If Pd film 3 is less than 0.05 .mu.m in thickness, it cannot coat
the intermediate layer or the hydrogen permeable base material
sufficiently, so that a constituent material for them that includes
a Group 5 element will be oxidized and deteriorated. If Pd film 3
is more than 2 .mu.m in thickness, increased cost may be a problem
since the amount of expensive Pd used is increased. The thickness
of Pd film 3 can be measured in the same manner as mentioned
regarding the thickness of hydrogen permeable base material 2.
[0027] Intermediate layer 4 in the present invention has first
intermediate layer 5 in contact with hydrogen permeable base
material 2 and second intermediate layer 6 in contact with Pd film
3. First intermediate layer 5 and second intermediate layer 6 may
be each a single layer or a plurality of layers.
[0028] Hydrogen permeable film 1 according to the present invention
is characterized in that first intermediate layer 5 formed to be in
contact with hydrogen permeable base material 2 includes at least
one selected from the group consisting of Ta (tantalum), Nb
(niobium) of Group 5 (Group VA) elements in the periodic table, and
an alloy thereof. An alloy of Ta or Nb and Ni, Ti, Co, Cr and the
like can be taken as an example of a Ta alloy or an Nb alloy. To
note, first intermediate layer 5 in the present invention does not
include V that is an element of the same Group 5.
[0029] The percentage of the content of at least one selected from
the group consisting of Ta, Nb and an alloy thereof in first
intermediate layer 5 in the present invention is not specifically
limited. Preferably, first intermediate layer 5 is composed of only
at least one selected from the group consisting of Ta, Nb and an
alloy thereof, and in particular, preferably, it is composed of
only Ta or its alloy, or of Nb or its alloy. The percentage of the
content of at least one selected from the group consisting of Ta,
Nb and an alloy thereof in first intermediate layer 5 can be
measured by ICP, for example.
[0030] Preferably, the thickness of first intermediate layer 5 in
the present invention is within a range of 10-500 nm, and more
preferably, within a range of 100-200 nm. The thickness of first
intermediate layer 5 can be measured by observing the cross section
with an electron microscope.
[0031] First intermediate layer 5 is superior in hydrogen
permeability, and thus does not impair hydrogen permeability of
hydrogen permeable film 1 as a whole. In addition, with first
intermediate layer 5, mutual diffusion between hydrogen permeable
base material 2 and Pd film 3 can be reduced. To make the effect of
reducing the mutual diffusion more sufficient, the thickness of
first intermediate layer 5 (the total thickness if first
intermediate layer 5 is composed of a plurality of layers on one of
the surfaces of hydrogen permeable base material 2) is preferably
at least 10 nm.
[0032] There is a case where hydrogen permeable base material 2
including V or a V alloy and first intermediate layer 5 cause
hydrogen-induced expansion due to production of a hydride when
hydrogen permeates therethrough. Since hydrogen permeable base
material 2 and first intermediate layer 5 includes mutually
different Group 5 elements, difference in hydrogen-induced
expansion may occur, which may lead to damage to film. To avoid
damage to film, the thickness of first intermediate layer 5 (the
total thickness if first intermediate layer 5 is composed of a
plurality of layers on one of the surfaces of hydrogen permeable
base material 2) is preferably not more than 500 nm.

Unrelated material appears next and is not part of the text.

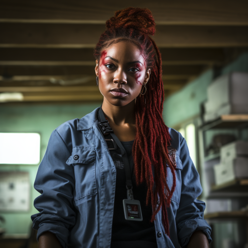 Young 20-year-old woman with black skin and African American features with red hair full of braids, zombie fight , doctor's uniform, Zombies brackground , zombie apocalypse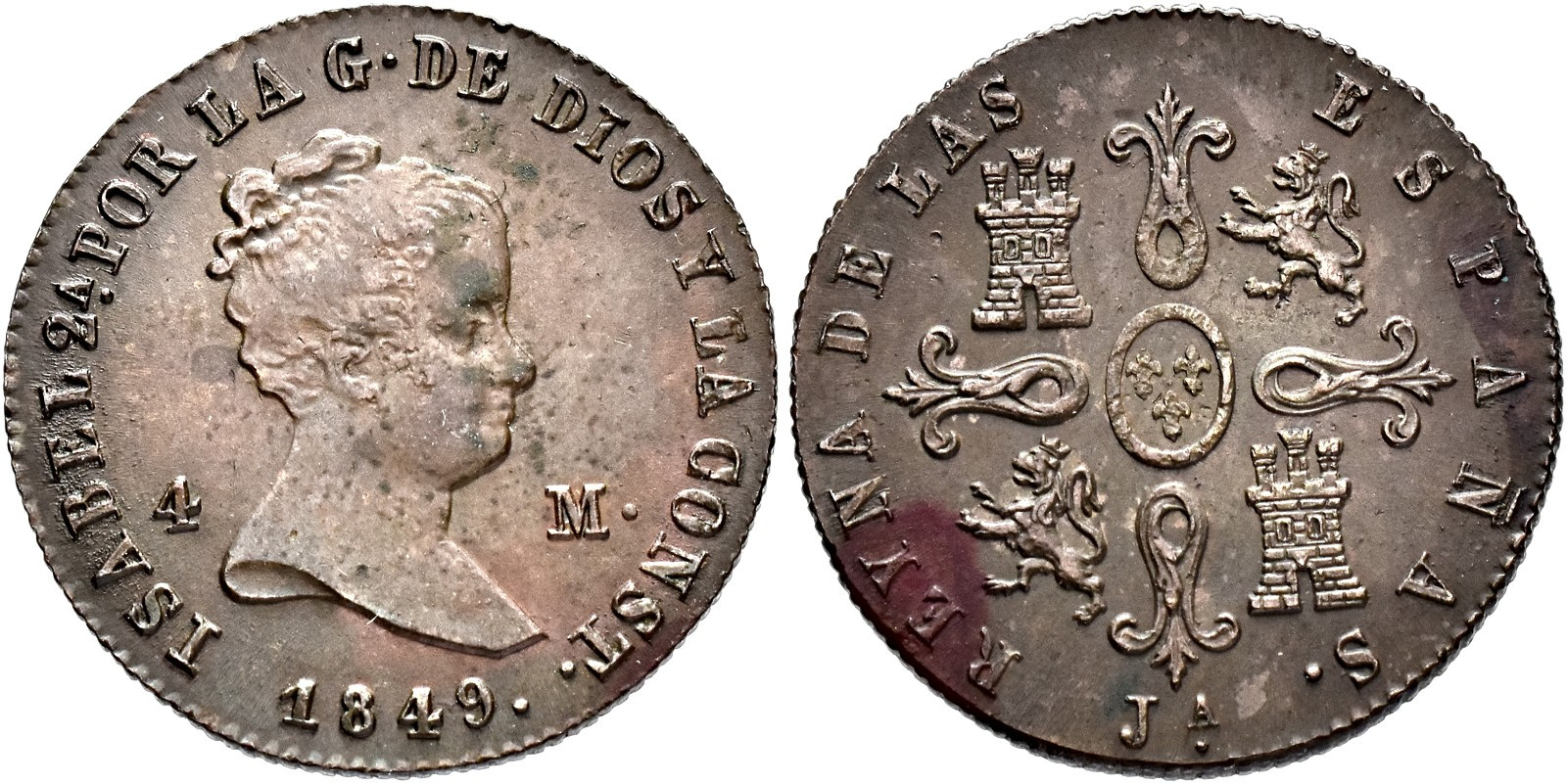 ISABEL II. 4 maravedís. 1849. Jubia. CU 5,11 g. 23,5 mm. VI-42; AC-75; Orol-JU.74 Manchitas. MBC+. Escasa.

[0033] Hydrogen permeable film 1 according to the present invention
is characterized in that second intermediate layer 6 formed to be
in contact with Pd film 3 includes at least one selected from the
group consisting of Group 8, Group 9 and Group 10 (Group VIII)
elements in the periodic table and an alloy thereof. With second
intermediate layer 6 in contact with Pd film 3, hydrogen permeable
film 1 according to the present invention can reduce mutual
diffusion between Pd film 3 and first intermediate layer 5, in
particular, decrease of the amount of permeated hydrogen over time
due to thermal diffusion of Pd into first intermediate layer 5 in
the environment of 300-600.degree. C. that are preferable
temperatures for use of hydrogen permeable film 1, and decrease of
the amount of permeated hydrogen over time due to a Group 5 element
appearing on the outer surface of Pd film 3 (i.e. the outermost
surface of hydrogen permeable film 1) and being oxidized.
[0034] Co, Fe (iron), Ni and the like can be taken as examples of
elements of Group 8, Group 9 and Group 10 included in second
intermediate layer 6. Fe--Ni alloy, Fe--Co alloy and the like can
be taken as an example of an alloy of the elements.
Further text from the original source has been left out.